La grande majorité des interlocuteurs du Forum ne
pensent pas que leurs dirigeants actuels aient
gouverné le pays selon des valeurs fondamentales.
Si d'aucuns le déplorent et manifestent leur
déception, un nombre bien plus grand de citoyens
sont furieux, et leur colère est surtout dirigée
contre les politiciens fédéraux. Les commissaires
citent les passages suivants :
« ...l'absence de vision est la véritable raison
pour laquelle le Forum a été créé. Le premier
ministre, son Cabinet, son parti et, à vrai dire,
tous les partis et toutes les assemblées
législatives, manquent de vision. Aucun d'entre
eux n'a été ni n'est capable d'envisager un avenir
nouveau pour le Canada, et quand nous réclamons
des propositions, ils avouent qu'ils n'en ont pas
à faire. »
« ...il y a un autre problème, c'est que le
premier ministre est incapable de garder le
contact avec le public. La plupart des gens
étaient contre le libre-échange, contre la TPS,
contre les réductions (pour ne citer que quelques
exemples), mais cela ne l'a pas empêché de nous
les imposer de force, que nous le voulions ou
non. »
« Nos trois chefs politiques ne privilégient pas
l'intégrité intellectuelle. »
« Les négociations du lac Meech se sont déroulées
dans le secret. Cela ne doit plus jamais se
reproduire. »
« Le gouvernement est seul responsable du
sentiment généralisé de désunion qui règne au
Canada. La façon dont il essaie de régler les
problèmes qui compromettent l'unité canadienne est
déplorable. »
« Ce sont les politiciens, et surtout notre
premier ministre, qui n'ont pas compris le
message, et ils ne veulent pas l'entendre. Le
premier ministre fera des pieds et des mains pour
réaliser la décentralisation, même si cela
provoque l'éclatement du pays. S'il perd le
Québec, il perd son principal allié. Le plus
inquiétant, c'est que ce scénario qui prévoit
l'octroi de pouvoirs plus étendus aux provinces,
ne déplaît pas du tout à bien des premiers
ministres provinciaux. »
Les commissaires notent que bon nombre de
Canadiennes et de Canadiens ont le sentiment que
« ... le parlement ne signifie pas grand-chose,
parce qu'il est sous la coupe du gouvernement et
que les autres représentants élus n'ont que peu ou
pas du tout d'influence, est très répandu. Des
participants nous ont dit que cette situation
serait tolérable si seulement le gouvernement
actuel respectait son programme électoral; en
l'occurrence, il
n'existe presque aucun rapport entre celui-ci et
les mesures prises par la suite par le
gouvernement [notre souligné]. En effet,
au cours de son mandat, il élabore et applique des
politiques d'envergure jamais évoquées, ou à
peine, pendant la campagne.
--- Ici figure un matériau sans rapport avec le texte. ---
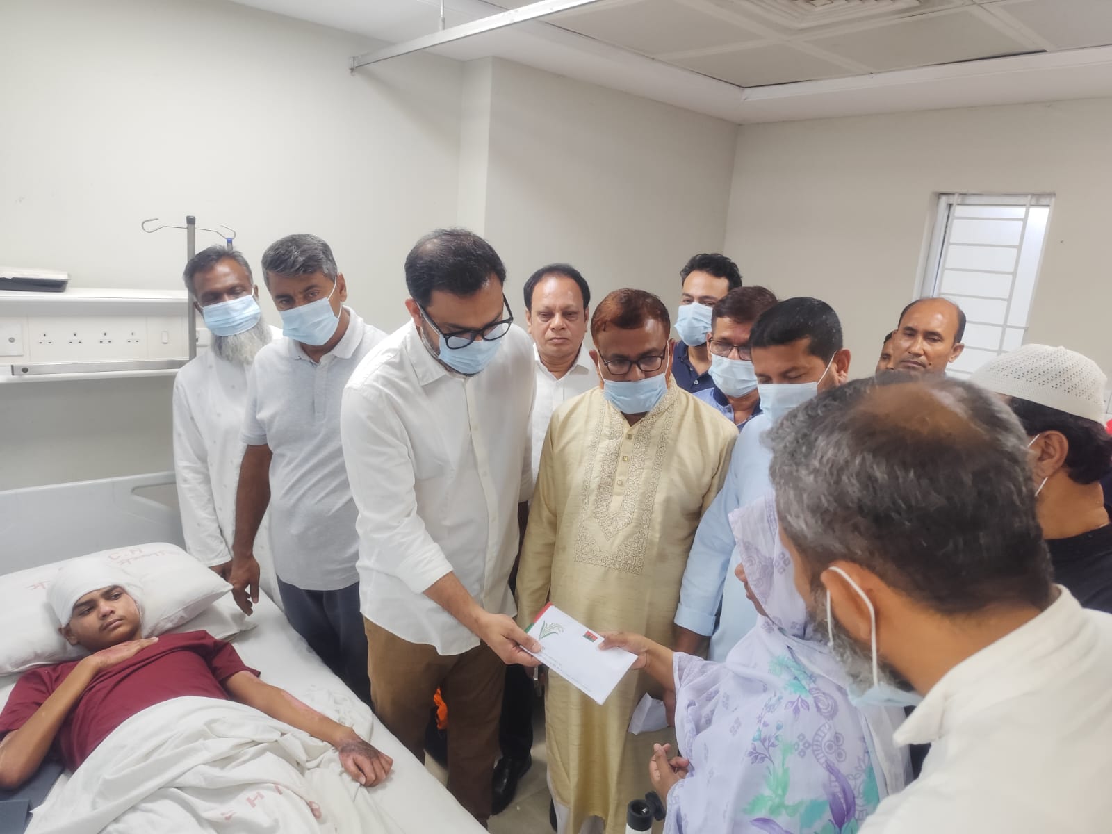 বুধবার (২২ অক্টোবর) দুপুরে রাজধানীর উত্তরা মাইলস্টোন স্কুলের শিক্ষার্থীদের নিয়ে ঘটে যাওয়া দুর্ঘটনায় আহত সাতজন বর্তমানে ঢাকা মেডিকেল কলেজ হাসপাতালের বার্ন ইউনিটে চিকিৎসাধীন। সেখানে গিয়ে আমিনুল হক তাদের শারীরিক অবস্থার খোঁজ নেন এবং বিএনপির ভারপ্রাপ্ত চেয়ারম্যান তারেক রহমানের পক্ষ থেকে আহতদের আর্থিক অনুদান প্রদান করেন।

Comme l'a si bien dit
un participant,'' ...on a généralement
l'impression qu'il existe un manque de
communication entre la population en général et le
gouvernement, que les politiciens ne se sentent
plus obligés de rendre des comptes au peuple une
fois qu'ils ont été élus'. »
Les commissaires font remarquer que les gens
jugent nécessaire de trouver les moyens d'obliger
les députés à consulter leurs électeurs sur les
grandes questions ou de leur donner une plus
grande marge de manoeuvre ou d'exiger d'eux qu'ils
votent conformément aux désirs de leurs électeurs.
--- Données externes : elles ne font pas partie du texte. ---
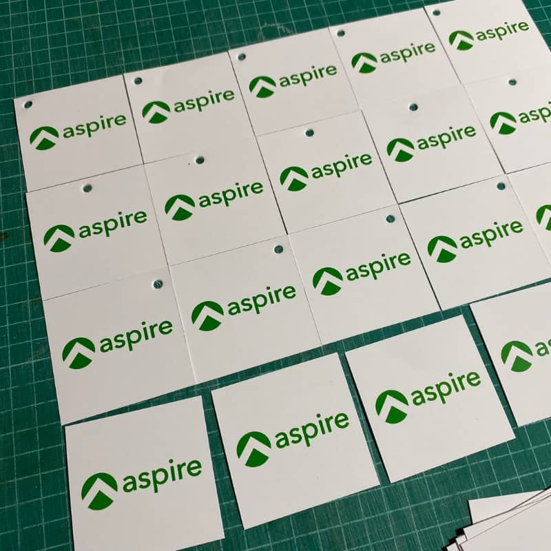 A small piece of material attached to something for identification or decoration.

Un groupe de discussion de l'Ontario a exprimé le
consensus à ce sujet dans les termes
suivants :
« Il faut changer de gouvernement. Il faut un
système permettant à nos représentants élus de
représenter vraiment leurs électeurs et de tenir
compte de leurs désirs. [...] Dans un pays moderne
où le niveau d'instruction de la population est
élevé, il est inadmissible d'invoquer l'excuse que
l'on a été élu pour prendre des décisions et que
l'on n'a pas besoin de connaître l'opinion des
électeurs ».
Un autre intervenant ajoute :
« Dans le régime démocratique actuel, les abus
sont monnaie courante, à l'échelle tant fédérale
que provinciale; c'est le principal problème. Nos
politiciens ne nous écoutent pas et leur conduite
est dictée par la solidarité de parti. »
Un groupe du Yukon :
« Nous avons le droit de parole deux fois tous
les dix ans seulement. On se fait dire ensuite «
les Canadiens m'ont élu, donc... », ce qui
est humiliant. Nous en sommes arrivés à nous
méfier de cette méthode. Les politiciens n'ont pas
à modifier la trame du pays... Ils doivent écouter
le peuple au lieu de s'en remettre à une armée de
conseillers. Ce n'est pas possible avec les
sondages d'opinions. Socrate a démontré que les
questions appellent les réponses. »
Un intervenant de Colombie-Britannique :
« Les députés qui sont élus devraient rendre des
comptes à leurs électeurs et se comporter aux
Communes conformément à l'avis de la majorité
d'entre eux pour les questions d'importance
nationale. »
Les commissaires notent ensuite que bon nombre de
participants ont réclamé le droit de révoquer un
député :
« Les citoyens devraient avoir le pouvoir de
révoquer un député s'il ne sert pas les intérêts
du pays, s'il ne propose pas de projets de loi ou
s'il ne défend pas les droits des citoyens et
n'essaie pas d'améliorer leur situation ni celle
du pays. »
« Il faut modifier la Constitution pour trouver
un moyen de destituer les politiciens qui ne
gouvernent pas selon les voeux de leurs électeurs.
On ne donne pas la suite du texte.